* [Description of the task] Print all of the data exactly, but drop the pictures.

* [Given data]
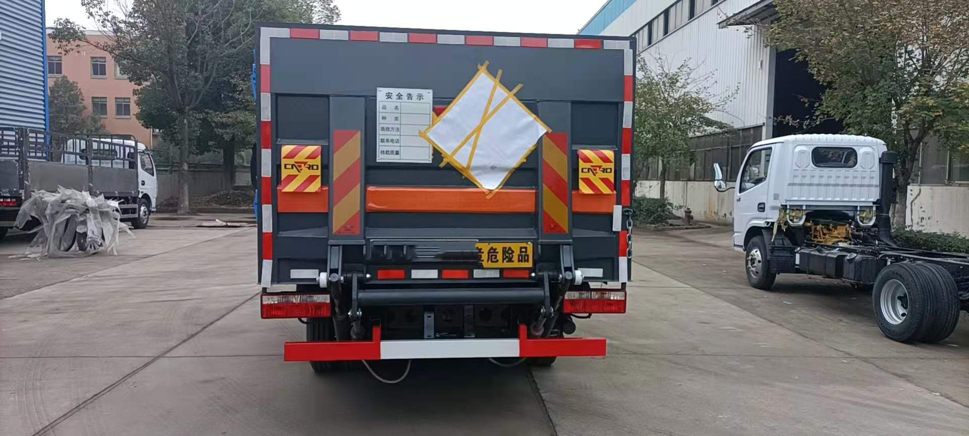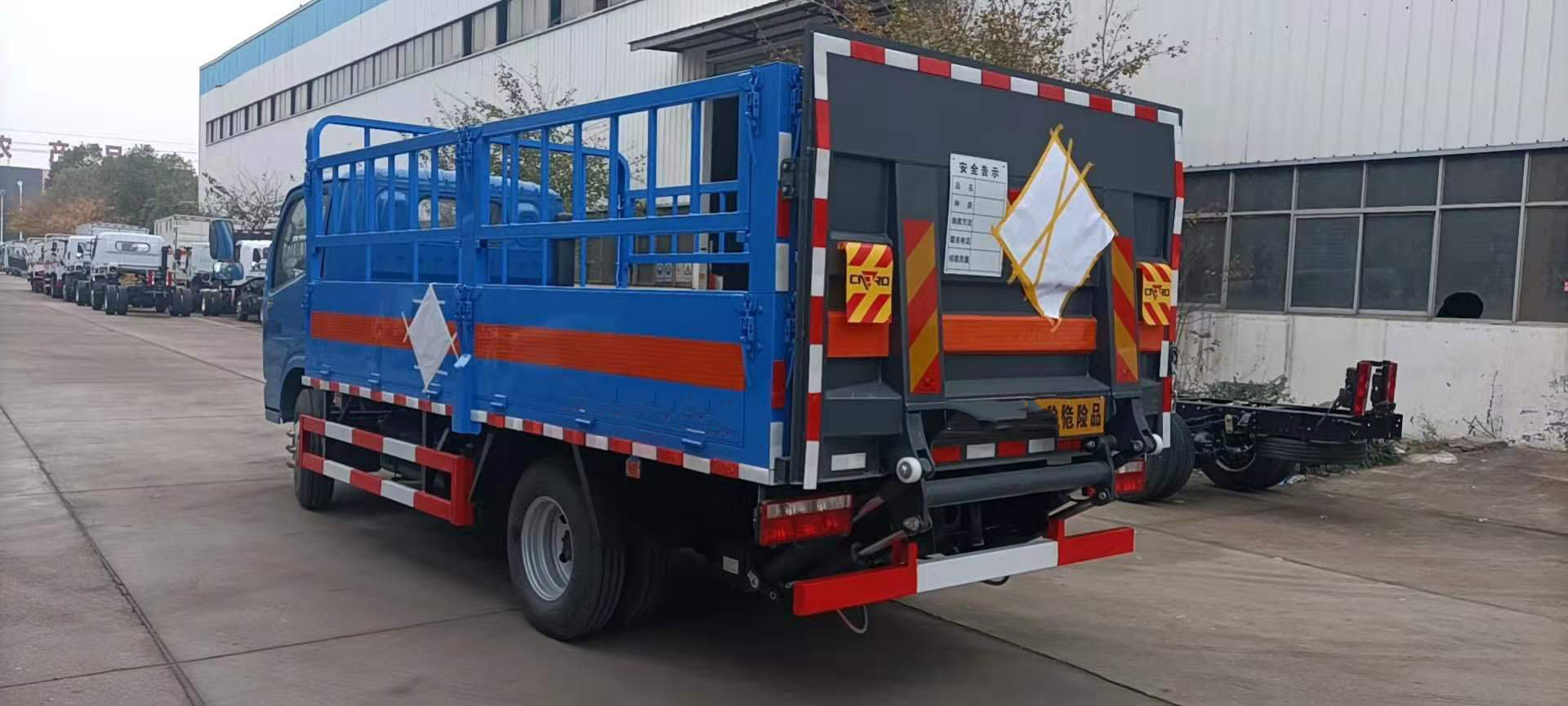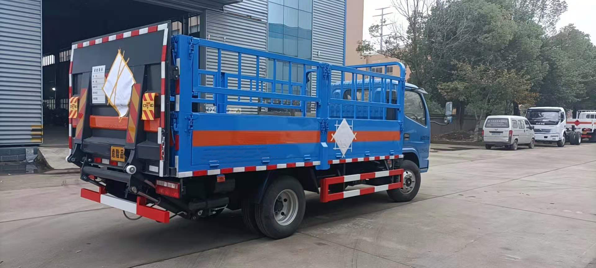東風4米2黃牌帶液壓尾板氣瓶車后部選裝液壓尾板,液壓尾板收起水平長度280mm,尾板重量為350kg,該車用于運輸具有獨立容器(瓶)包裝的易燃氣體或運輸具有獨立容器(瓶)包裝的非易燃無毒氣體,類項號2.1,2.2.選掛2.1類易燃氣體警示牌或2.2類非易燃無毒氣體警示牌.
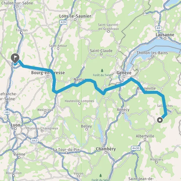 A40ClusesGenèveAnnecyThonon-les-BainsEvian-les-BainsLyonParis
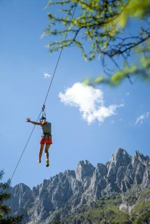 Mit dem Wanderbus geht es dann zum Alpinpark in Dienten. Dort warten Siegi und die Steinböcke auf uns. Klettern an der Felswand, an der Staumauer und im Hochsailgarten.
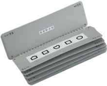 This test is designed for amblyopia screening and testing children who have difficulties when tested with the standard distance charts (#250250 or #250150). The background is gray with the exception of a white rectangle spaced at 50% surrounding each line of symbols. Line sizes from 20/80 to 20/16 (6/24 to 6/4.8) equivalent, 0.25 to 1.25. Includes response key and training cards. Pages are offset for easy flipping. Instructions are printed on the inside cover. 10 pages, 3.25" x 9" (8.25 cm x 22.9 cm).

* [Result below]
東風4米2黃牌帶液壓尾板氣瓶車后部選裝液壓尾板,液壓尾板收起水平長度280mm,尾板重量為350kg,該車用于運輸具有獨立容器(瓶)包裝的易燃氣體或運輸具有獨立容器(瓶)包裝的非易燃無毒氣體,類項號2.1,2.2.選掛2.1類易燃氣體警示牌或2.2類非易燃無毒氣體警示牌.
 A40ClusesGenèveAnnecyThonon-les-BainsEvian-les-BainsLyonParis
 Mit dem Wanderbus geht es dann zum Alpinpark in Dienten. Dort warten Siegi und die Steinböcke auf uns. Klettern an der Felswand, an der Staumauer und im Hochsailgarten.
 This test is designed for amblyopia screening and testing children who have difficulties when tested with the standard distance charts (#250250 or #250150). The background is gray with the exception of a white rectangle spaced at 50% surrounding each line of symbols. Line sizes from 20/80 to 20/16 (6/24 to 6/4.8) equivalent, 0.25 to 1.25. Includes response key and training cards. Pages are offset for easy flipping. Instructions are printed on the inside cover. 10 pages, 3.25" x 9" (8.25 cm x 22.9 cm).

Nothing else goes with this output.